Bir alandaki moloz, farklı açılardan ele alındığı zaman sorunlara neden olduğu için yasal yaptırımları barındırmaktadır. Verebileceği zararlar çevreye, insana, diğer canlılara olabilir. Yani sadece görüntü açısından değil diğer açılardan da bir değerlendirme yapıldığı zaman moloz atma işlemi önem kazanır. Örneğin demir olan bir moloz yığını, cam gibi keskin maddeler zararlı olabilir. Tozun kalkması ve nefes alırken solunması, kaldırımlarda geçiş alanlarını kapatması da diğer yerlere olumsuz etkidir. Bunun dışında çöp alanı olarak görülerek diğer kişilerin çöp atmasına neden olabilir. Yani molozlar çöp birikintisi ile karıştırılabildiği için sorun da çıkabilir.
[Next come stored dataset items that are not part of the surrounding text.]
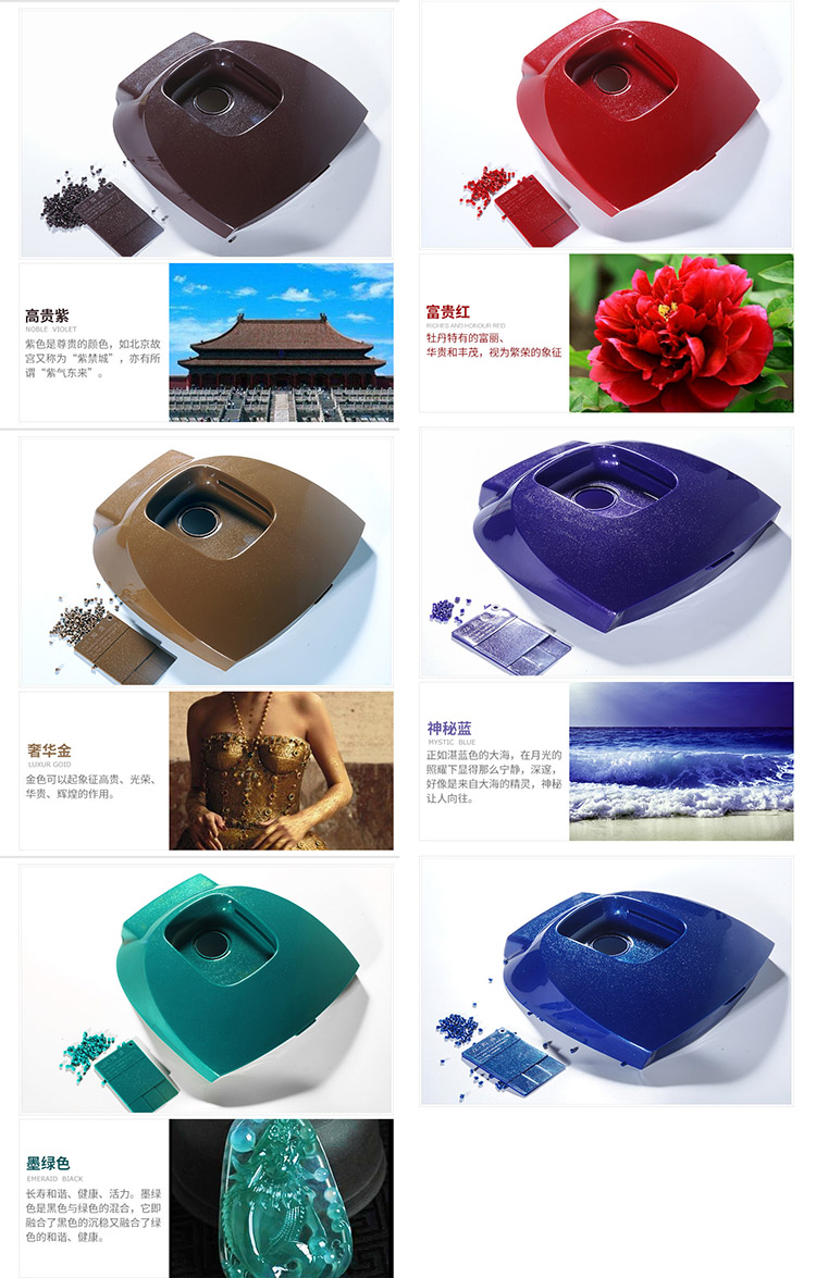 免噴涂美學塑料色彩豐富,包括金屬、自然、水晶、紋路等多樣外觀效果。金屬,細膩絲滑;自然,純美;水晶,清澈明亮;紋路,流云炫彩。時尚且富有科技性的質感易激發設計師的靈感,創造出更精美的產品。
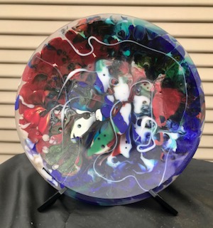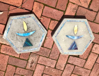 Below are photos of the UU Chalice stained glass mosaic garden stones and the fused & slumped glass art bowl Bruce has made for the auction.
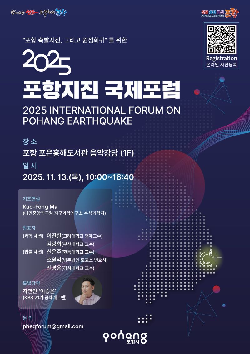 2025년 11월 13일, 포항 포은흥해도서관에서 포항시가 주최하는 2025 포항지진 국제포럼이 개최됩니다!
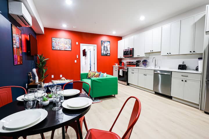Ჩაერთეთ Marvel Land-ში ამ მყუდრო 1Br ბინაში! Ისტ-პარკსაიდში მდებარე ეს კლასიკური ძვირფასი ქვა განტვირთვისა და აღმოსაჩენად გიწვევთ. Განიტვირთეთ Queen Bed ‑ ში, ქალაქის ენერგიით გაჟღენთილი დღის შემდეგ. Მოამზადეთ უგემრიელესი კერძები სრულად აღჭურვილ სამზარეულოში, შემდეგ კი შეიკრიბეთ ღია მისაღებ სივრცეში და ისიამოვნეთ ფილმების ღამეებით სმარტ-ტელევიზორში.
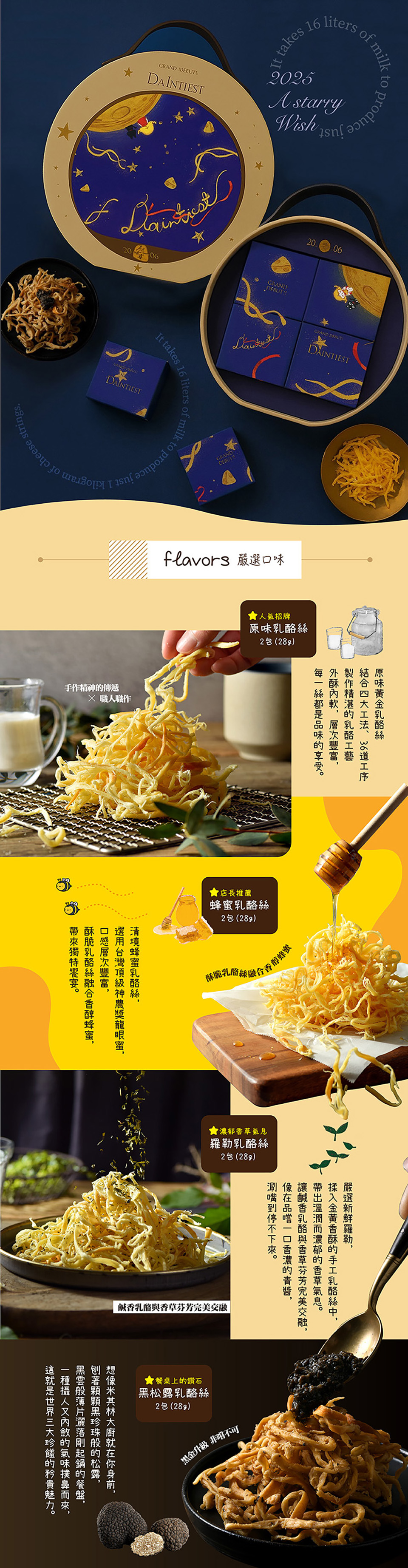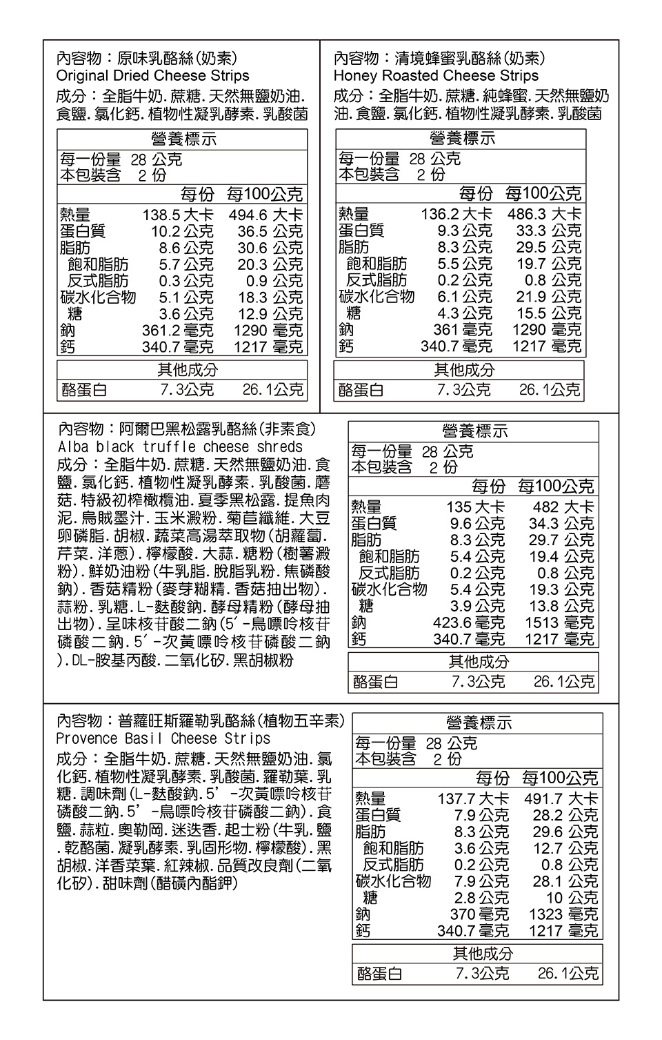 內 容 物|原味乳酪絲(奶素)28g *2、蜂蜜乳酪絲(奶素)28g *2、羅勒乳酪絲(植物五辛素)28g *2、松露乳酪絲(非素)28g *2
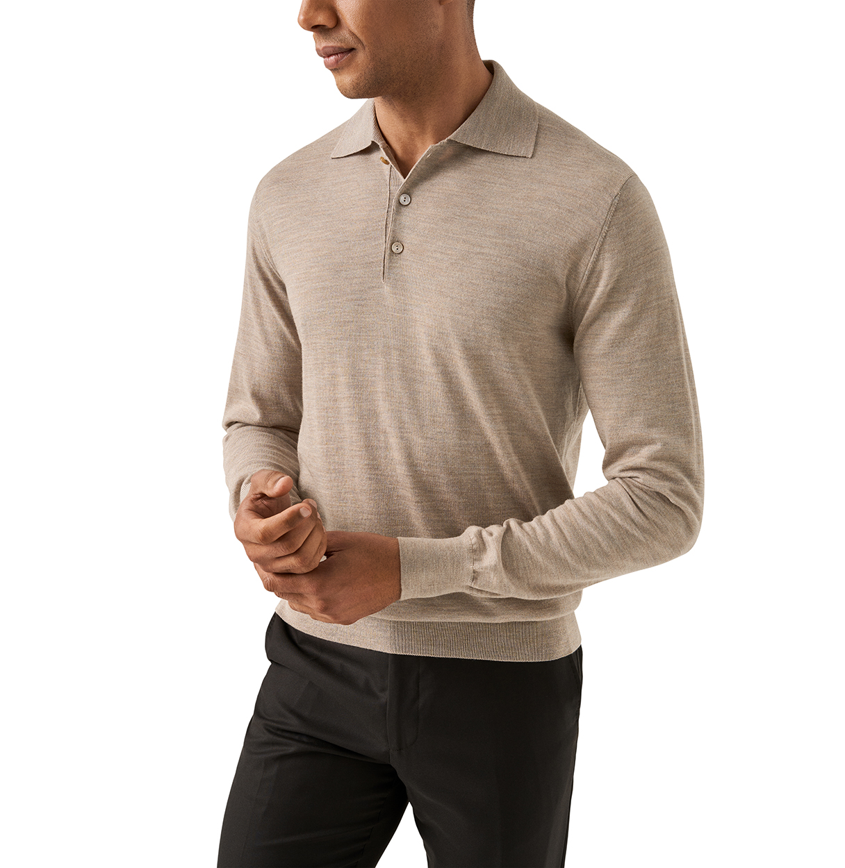 This Eton knit polo blends casual elegance with luxurious comfort. Crafted from 100% Merino wool, it offers a soft, breathable feel and a refined drape that elevates everyday style. The beige hue adds understated sophistication, making it an effortlessly versatile piece for both relaxed and refined looks. With clean tailoring and premium craftsmanship, this polo reflects Eton’s dedication to timeless quality and modern refinement.

Bir şehrin belediyesi, moloz yığınlarının kontrol edilmesinden sorumludur. İstanbul için de aynı şekilde ilçe belediyeleri görevlendirilmiştir. Firmamız da moloz kaldırma işlemlerini yapan bağlantılı çalışan bir kurumdur. Yasal düzenlemeleri ve uygulamadaki prensipleri takip ederek çalışmalarımızı sürdürüyoruz.
İstanbul, nüfus ve bina sayısı açısından en kalabalık şehir olması nedeniyle, yapı ile ilgili konularda da sorunlara sık rastlanan bir kenttir. Moloz alımı ve atması konusunda yeterli bilince sahip olmayan kişi ve kurumlar, başkalarının yaşam alanlarına dikkatsiz şekilde zarar verebilmektedir. Bu durumların yok olması için öncelikle insanların bencillikten uzaklaşması gerekir. Bunun için de belediyelerin yaptığı çalışmalar çok etkili olacaktır.
İnsanların yaşam alanlarına değer vermesi, önce belediyelerle başlar. Çünkü iş birliği içerisinde yaşama katkıda bulunmak için bu kuruma büyük bir sorumluluk düşmektedir. Ortak bir bilinç kazanıldığında aşamalı şekilde doğru uygulamalar yayılacaktır.
Aldırmak istediğiniz döküntüleri Bakırköy İlçesi Alo Moloz ile çözebilirsiniz. Başvuru yaptığınızda uzman ekibimiz planlama ile hareket edecektir.
İstanbul büyük ve çok kalabalık bir kent olduğu için binaların sayısı da çoktur ve birçok yerde moloz yığınlarını görebilirsiniz. Her ilçede bulunan belediye, moloz alma işleminden sorumludur ve çalışmaları farklı firmalarla yürütmektedir. Firmamız da bu anlaşma kapsamında işlemleri sürdüren kurumsal bir işletmedir. İş yerleri, gecekondular, apartmanlar gibi çok sayıda alanda başarılı sonuçlar alabilirsiniz.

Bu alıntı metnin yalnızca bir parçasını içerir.